Curious, she laid out the subway construction records she had copied alongside those of the house. By the late 1900s, there had been elevated trains, or els, in Lower Manhattan. At the very beginning of the twentieth century, the first subway lines had gone in. The very first had run from City Hall to 145th Street. By 1910, there had been several lines. On a later map, she could see how many of the original tunnels had been abandoned. There were also work shafts that had once aided the subway workmen, and many of those had been abandoned, as well.


Okay, so there were a lot of holes in the Manhattan earth. What did that mean?


She hesitated, wondering if she was imagining the rush of air and looked around.


“Matt?” she said softly, hopefully. “I know…oh, Matt, there’s something of you here, I know it,” she whispered.


It seemed, she thought, that she felt a touch. A caress, soft and tender, against her cheek. And then a whisper.


Leave…please, leave.


“I can’t.”


You must.


“Let me see you, touch you. I know you’re here.”


She waited.


Nothing.


“Leave the basement?” she wondered aloud.


Go!


There was an urgency in the voice this time.


“Leave the basement? Leave the house? Leave New York?” Again, she spoke aloud. Again, all she felt in return was a movement of the air.
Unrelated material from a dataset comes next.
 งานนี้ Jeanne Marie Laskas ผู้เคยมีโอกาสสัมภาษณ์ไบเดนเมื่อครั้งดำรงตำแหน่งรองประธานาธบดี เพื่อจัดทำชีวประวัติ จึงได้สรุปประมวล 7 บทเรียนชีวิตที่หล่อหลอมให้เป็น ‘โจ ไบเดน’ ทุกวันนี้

Or was it a cruel trick of her imagination?


“Matt…in the subway, I saw you. I know Joe was there, too, and he pulled me out. But at the beginning…it was your face. Your voice.”


Go. Go!


“All right!”


She started to roll up her maps, and that was when she heard the sobbing.


13


T he place really was a rat hole. Joe wondered if there was an agency in the city that looked into situations like this. Probably. It would mean a lot of red tape, he was certain. Still, it was worth checking into, he decided.


Space was at a premium in New York, that was a given. But he knew there were laws to protect tenants against these kinds of situations. But since most of the inhabitants were either in the country illegally or made their living in a doubtful manner, he doubted their complaints drew much response, if they even dared to make them.
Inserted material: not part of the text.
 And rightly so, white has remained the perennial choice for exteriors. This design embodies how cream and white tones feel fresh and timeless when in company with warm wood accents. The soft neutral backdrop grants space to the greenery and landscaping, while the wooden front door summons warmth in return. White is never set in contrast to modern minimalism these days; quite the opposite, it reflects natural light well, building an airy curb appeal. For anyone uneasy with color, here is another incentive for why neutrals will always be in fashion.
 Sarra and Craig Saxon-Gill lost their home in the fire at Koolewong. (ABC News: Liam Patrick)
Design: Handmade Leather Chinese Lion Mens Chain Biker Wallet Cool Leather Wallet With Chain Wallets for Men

Still, Heidi Arundsen was a good hostess. She had a studio with a tiny kitchen, separated by a counter from the main room, and a screen that separated the main room from the little bedroom area she had created. She kept the place spotlessly clean, but that couldn’t help the leakage marks on the ceiling and walls, or hide the fact that the plaster was peeling and that some of the wires weren’t properly installed.


“I’m sorry,” Heidi said as they entered. “I’m really sorry.”


“You keep a lovely home,” he told her. “Under the worst circumstances.”


“Well…thanks. Can I get you anything? I keep everything in the fridge. No bug eggs in my stuff.”


“No, honestly, I’m just fine.”


Didi had joined them. She strode across the room. “Here are the boxes with Betty’s things. The cops looked for a diary and didn’t find one,” she said.


“There’s not much there, but I kept it all anyway. Just in case,” Heidi said.


Her words seemed to linger on the air. Just in case. None of them believed Betty was ever coming back.


“Mind if I just dig in?” he asked.


“Go ahead,” Heidi said. “I’ll go make some coffee.”


Joe heard the women turn on a little television in the kitchen and talk softly to each other while he dug into the boxes. He didn’t know what he expected to find. The first box was clothing. Washed, smelling pleasantly of fabric softener, neatly folded. Betty must have been tiny. She had skirts that would have served as a handkerchief for him.


He opened the second box and found pictures. Betty, looking young and innocent, hopeful, a brilliant smile on her face as she cradled a baby. People who might have been her parents. There was a picture of several women, Betty among them, playing softball in Central Park. There was a picture of a beautiful greyhound; on it, Betty had written, Someday! There were more pictures of Betty with friends in front of the sagging old tenement, at the zoo.


Then he found a picture that arrested his attention. It was of Betty and Genevieve O’Brien—and there was a man with them. He was turned away from the camera, but his stance spoke of assurance, and he was wearing a suit that looked to have been expensively tailored.